WHAT TO PRODUCE -
Below are some records. Return exactly the lines from the one containing "Этот современный жилой" through the one containing "一根条形磁铁,左端为S极,右", both included, and only those.

DATA FOR THE TASK -
-- -- --

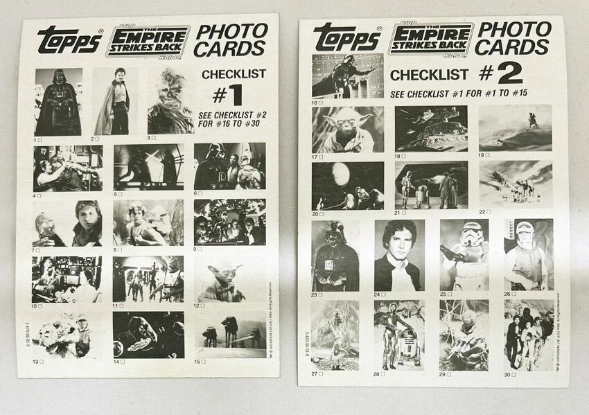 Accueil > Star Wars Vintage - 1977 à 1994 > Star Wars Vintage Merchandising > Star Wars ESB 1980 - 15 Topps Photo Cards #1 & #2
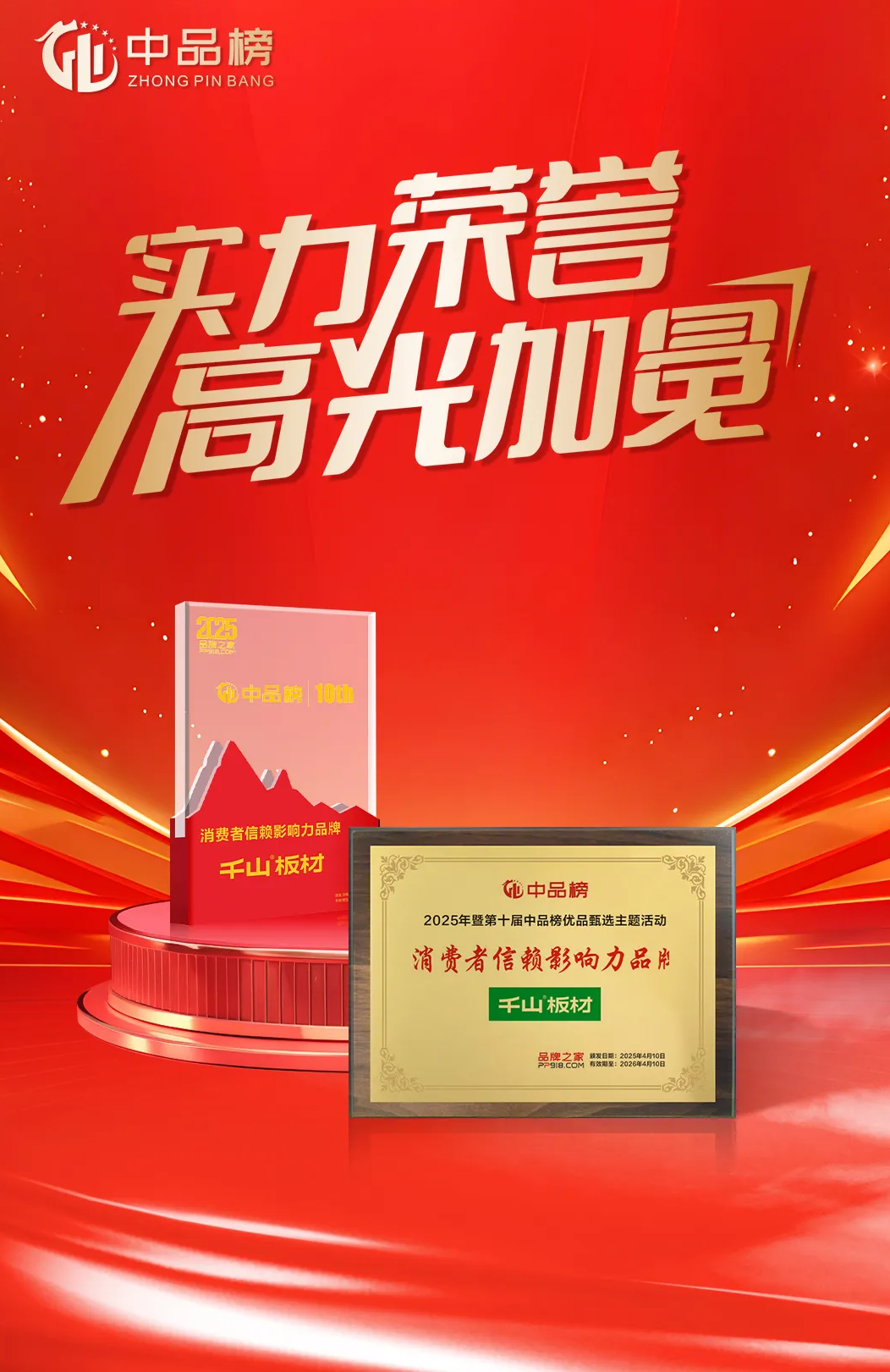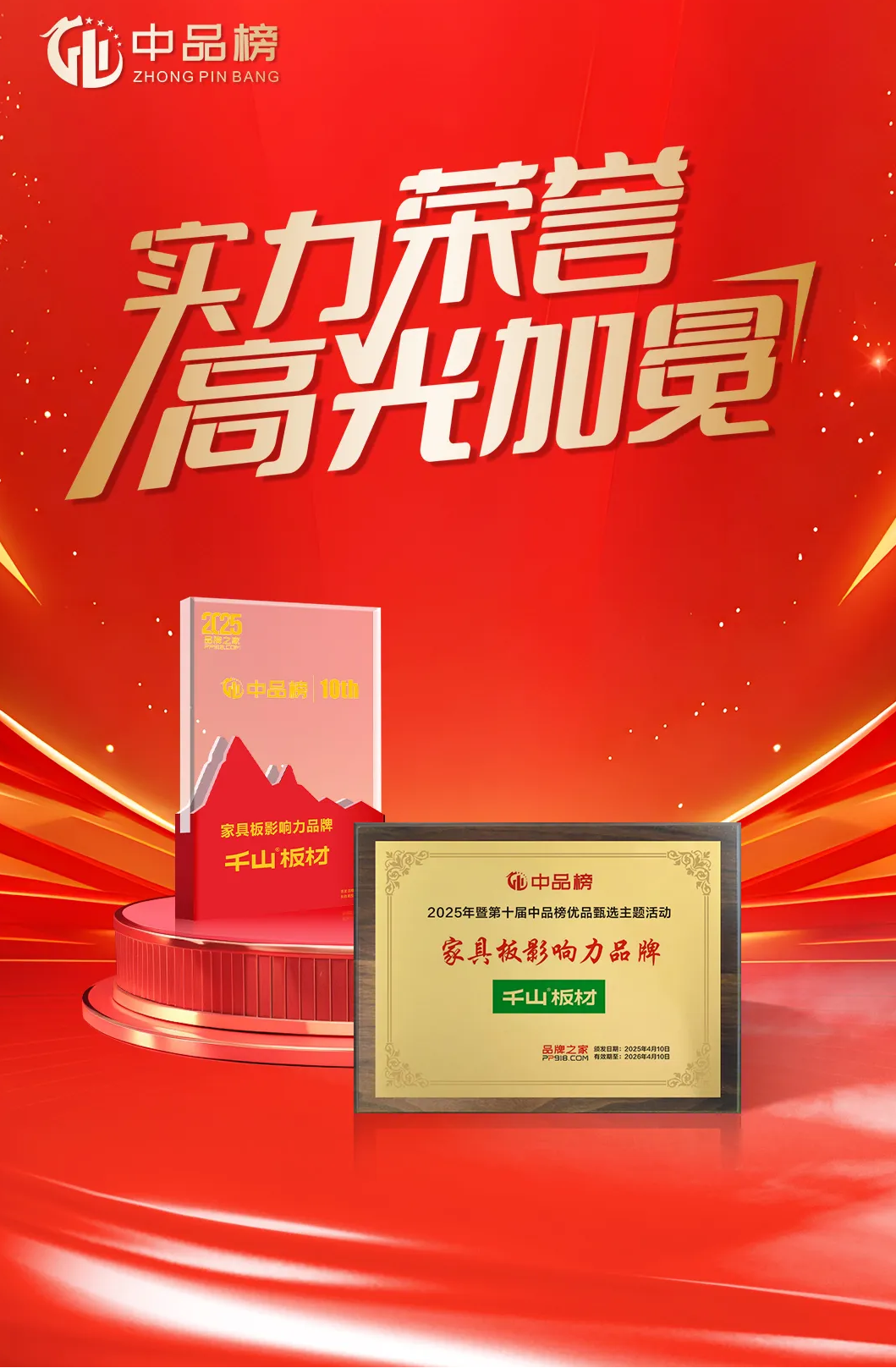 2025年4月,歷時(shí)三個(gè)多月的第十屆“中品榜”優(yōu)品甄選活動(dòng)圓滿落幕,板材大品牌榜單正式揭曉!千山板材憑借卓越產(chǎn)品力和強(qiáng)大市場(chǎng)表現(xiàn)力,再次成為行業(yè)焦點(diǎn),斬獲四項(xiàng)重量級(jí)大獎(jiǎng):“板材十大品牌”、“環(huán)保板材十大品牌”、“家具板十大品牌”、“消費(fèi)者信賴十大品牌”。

-- -- --

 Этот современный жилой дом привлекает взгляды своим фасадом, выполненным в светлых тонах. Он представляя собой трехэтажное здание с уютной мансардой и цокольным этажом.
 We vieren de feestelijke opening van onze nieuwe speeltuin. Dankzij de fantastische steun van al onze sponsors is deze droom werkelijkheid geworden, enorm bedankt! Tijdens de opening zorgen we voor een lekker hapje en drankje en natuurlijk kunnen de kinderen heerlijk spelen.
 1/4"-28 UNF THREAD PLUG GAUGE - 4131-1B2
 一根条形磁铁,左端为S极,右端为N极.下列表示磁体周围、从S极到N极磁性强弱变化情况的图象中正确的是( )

-- -- --

TASK RESULT -
 Этот современный жилой дом привлекает взгляды своим фасадом, выполненным в светлых тонах. Он представляя собой трехэтажное здание с уютной мансардой и цокольным этажом.
 We vieren de feestelijke opening van onze nieuwe speeltuin. Dankzij de fantastische steun van al onze sponsors is deze droom werkelijkheid geworden, enorm bedankt! Tijdens de opening zorgen we voor een lekker hapje en drankje en natuurlijk kunnen de kinderen heerlijk spelen.
 1/4"-28 UNF THREAD PLUG GAUGE - 4131-1B2
 一根条形磁铁,左端为S极,右端为N极.下列表示磁体周围、从S极到N极磁性强弱变化情况的图象中正确的是( )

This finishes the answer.